William Pierce and Fred Price were both charged with conspiring to possess crack cocaine and possession with intent to distribute. The drugs were found after Pierce had consented to a search of a ear he was driving *344 and in which Price was a passenger. Both defendants filed pretrial motions to suppress the crack cocaine evidence, claiming that Pierce did nоt voluntarily consent to the search of the car. The magistrate recommended, and the district court agreed, that both motions should be denied. Price entered a conditional plea under Fed.R.Crim.P. 11(a)(2), reserving the right to appeal the denial of his motion; Pierce pleaded not guilty and proceeded to trial where a jury convicted him on both counts in the indictment. Both defendаnts filed separate appeals challenging the district court’s denial of their motions to suppress. Price also challenges the district court’s decision to increase his base offense level under U.S.S.G. § 2Dl.l(b)(l) for possessing a weapon during the commission of a drug offense. For the reasons that follow, we affirm the district court’s denial of the defendants’ motions to suppress, and affirm the distriсt court’s determination to increase Price’s base offense level under § 2Dl.l(b)(l).
I.
During the evening of March 30, 1993, Trooper Lawrence Brown of the Wisconsin State Patrol was on duty patrolling Interstate 90 near Baldwin, Wisconsin. Brown’s vehicle was equipped with a video camera which was set up to receive transmissions from a body microphone attached to Brown. A considerable pоrtion of the evidence necessary to the resolution of this appeal comes from the video obtained from Brown’s car-mounted video camera.
That evening, Brown stopped a northbound automobile for going 78 in a 65 m.p.h. zone. Inside the vehicle were co-defendants William Pierce and Fred Price, along with another passenger, James Walker. Pierce was the driver; Price was a passenger in the front seat, while Walker was a passenger in the back. Brown approached the car and asked Pierce for his license. Brown also asked the occupants where they were from. Pierce replied that they had come from Chicago. Brown asked Pierce to step out of the car and stand in front of his patrol ear. Out of the hearing rаnge of the two passengers, Brown asked Pierce how long he and his passengers had been in Chicago. Pierce replied seven days. Brown left Pierce standing in front of his patrol car while he went back to talk to the passengers in Pierce’s car. Brown asked the two passengers how long they had been in Chicago. “One day,” they replied. After asking a few more questions, Brown left the car and came back to Pierce whom he told to return to his car while Brown obtained further information from dispatch.

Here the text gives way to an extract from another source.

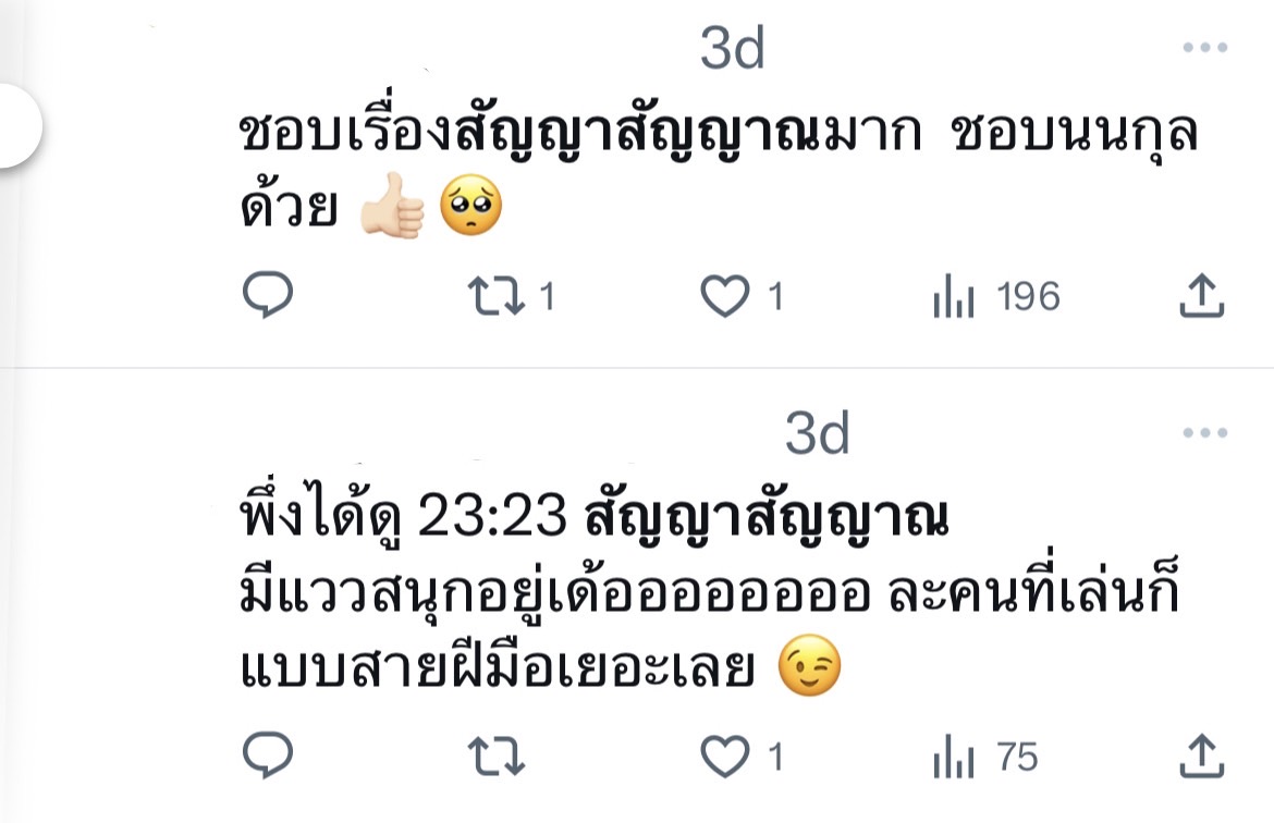สนุกเข้มข้นแบบขั้นสุดสำหรับซีรีส์สุดฮอต "23:23 สัญญาสัญญาณ" เรื่องราวของการย้อนเวลาโดยใช้การสื่อสารผ่านวิทยุ เป็นจุดเชื่อมโยงเรื่องราวทั้งหมด ซึ่งในเรื่องมีนักแสดงมากฝีมือหลายท่านแสดงอาทิ "แพนเค้ก เขมนิจ" , "นนกุล ชานน" , "ชาคริต แย้มนาม" ซึ่งแน่นอนว่าตอนนี้ก็เดินทางเข้ามาสู่ปลายทางของเรื่องแล้ว โดยความสนุกเข้มข้นกับการตามหา ตามรอยคดีต่างๆ ยังคงมีให้ได้ติดตามกันอยู่อย่างต่อเนื่อง แต่เหนือสิ่งอื่นใดแล้ว วันนี้ไม่พลาดที่จะขอหยิบเอาคำคอมเมนต์ดีๆ จากแฟนซีรีส์ในทวิตเตอร์ที่ดูแล้วอินแบบสุดๆ หลายเสียงยืนยันในความสนุกและคุณภาพของทั้งทีมนักแสดงและภาพในเรื่องที่ยืนยันเป็นเสียงเดียวกันเลยว่าดูแล้วสนุกแฮปปี้ ไม่ขัดสายตา ขอหยิบเอาคำคอมเมนต์จากแฟนซีรีส์มาให้ได้ติดตามกัน

During the conversations, Brown became suspicious that he had what is known in Wisconsin police jargon as a “Badger stop,” that is, a potential drug bust. Brown based his suspicions on the fact that the passengers in the car appeared nervous and had given him contradictоry answers concerning how long they had been in Chicago. Brown radioed dispatch for backup officers. Brown learned from dispatch that Pierce’s license was suspended because of unpaid fines. After the requested backup arrived, Brown wrote out citations to Pierce for driving with a suspended license and for speeding. Brown also filled out a standardized consent-to-seаrch form in the event he obtained Pierce’s consent to search the car. Brown told the backup officers about his suspicions, and that he was going to issue the two citations to Pierce and “go from there.”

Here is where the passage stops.